What have been your experiences with the complimentary breakfast buffets offered to guests at hotel properties — and what tips and advice would you recommend to ensure that the experience is as enjoyable as possible?

Photograph ©2014 by Brian Cohen.

7 thoughts on “Are the Free Continental Breakfast Buffets at Hotels Disgusting? Some Tips For You”

  1. charles says:

    I agree with the concern and being careful.
    I must point out that things happen anyway and we could get sick without knowing the cause. You might very well have had something like Norovirus which was picked up from a doorknob or shared serving utensil.

    1. Brian Cohen says:

      You are correct, charles — things do happen; but I attempt to mitigate getting sick in a number of different ways in which I have converted into habits.

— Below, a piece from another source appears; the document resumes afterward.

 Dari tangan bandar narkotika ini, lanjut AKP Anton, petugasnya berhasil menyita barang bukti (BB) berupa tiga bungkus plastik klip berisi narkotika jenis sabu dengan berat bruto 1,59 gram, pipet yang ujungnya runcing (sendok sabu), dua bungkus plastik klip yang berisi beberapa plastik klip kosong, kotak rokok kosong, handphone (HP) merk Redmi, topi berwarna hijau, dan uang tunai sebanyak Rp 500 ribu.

      Whenever I use a public restroom, I usually use a paper towel to activate the faucet or open a door…

      …and I never rub my eyes or touch parts of my face without washing my hands first.

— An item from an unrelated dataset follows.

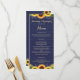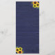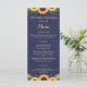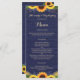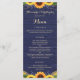 Este design rustico apresenta luzes de cordas de ouro e rendas junto com girassóis e lavandas contra um fundo de madeira azul marinho. O texto, com nomes personalizáveis de noiva e noivos e detalhes de eventos, aparece em ouro pálido na escrita popular e na tipografia serif. Você pode personalizar este menu para seu próprio casamento mudando o texto na modelo.

      As I said, these methods are not foolproof; but they have worked for me — even when I handle items with the potential to harbor plenty of harmful bacteria, such as garbage…

  2. Cook says:

    I agree with your suggestions and at times I go even a little farther. There is NEVER a substitute for hand washing before and after.
    Worst hotel buffet experience: Near Seattle on a Friday, about five years ago. I had called ahead to verify the breakfast would be available: Yes, Sir, from 0730 until 1000.” When I arrived at 0750, the dinning room was stuffed and the buffet was a mess, perhaps had been raped. What I later learned was that there was a high school team spending the night and the coach told them to Be There at 0730, Sharp! When I asked management if they could clean up a little bit and provide a bit more HOT FOOD, she said, “We’ve got a clean up crew, but I’m afraid that the ‘chef’ has already left.” I’m thinking SERIOUSLY HORRIBLE planning and hotel management without a clue! I was lucky to get a cookie and cold cereal, milk only by SPECIAL Request. On the bright side, I was granted a generous bill credit and offered a polite apology.
    I think they learned an important lesson that Friday: Hotel’s overnight census (x) = Breakfast fixings (Y) does not work when X includes >75% traveling high school of college athletes!
    As for your sanitary precautions, yup, I do much the same thing. And since the fixings (Y) are too often prepared only once, when reasonable, I try to arrive early! The Hotel Breakfast is not what it was ten years ago and I am far less impressed with the added value. If it really says, “Eggs to order,” one might be safe. If it says “eggs,” expect a basked of hard boiled eggs!

  3. Jan White says:

    My biggest pet peeve, parents that allow their children to play with the jelly, butter etc. on the table. And then put it back even after having been in the babies mouth.

    1. Brian Cohen says:

      I do not get nauseous easily — but that last sentence would probably do it for me…

  4. John Brew says:

    You know the reusable mats placed on the table on which they put the plates and cutlery? Those are some of the filthiest items in the room. I never use / eat something that touches that.

    Then, I try to find bread rolls at the bottom of the pile, to increase chances of food safety.

    I try to eat only food items that are put in the buffet under a glass / plexiglass “roof”.

    Packaged food is, indeed, a very good advice: singular jam portions packaged individually, butter portions, yoghurt, etc.

    1. Brian Cohen says:

      …and you gave some good tips as well, John Brew — many of which I already follow.

      It is a shame that we even have to think of such things.

      Thank you for posting your thoughts.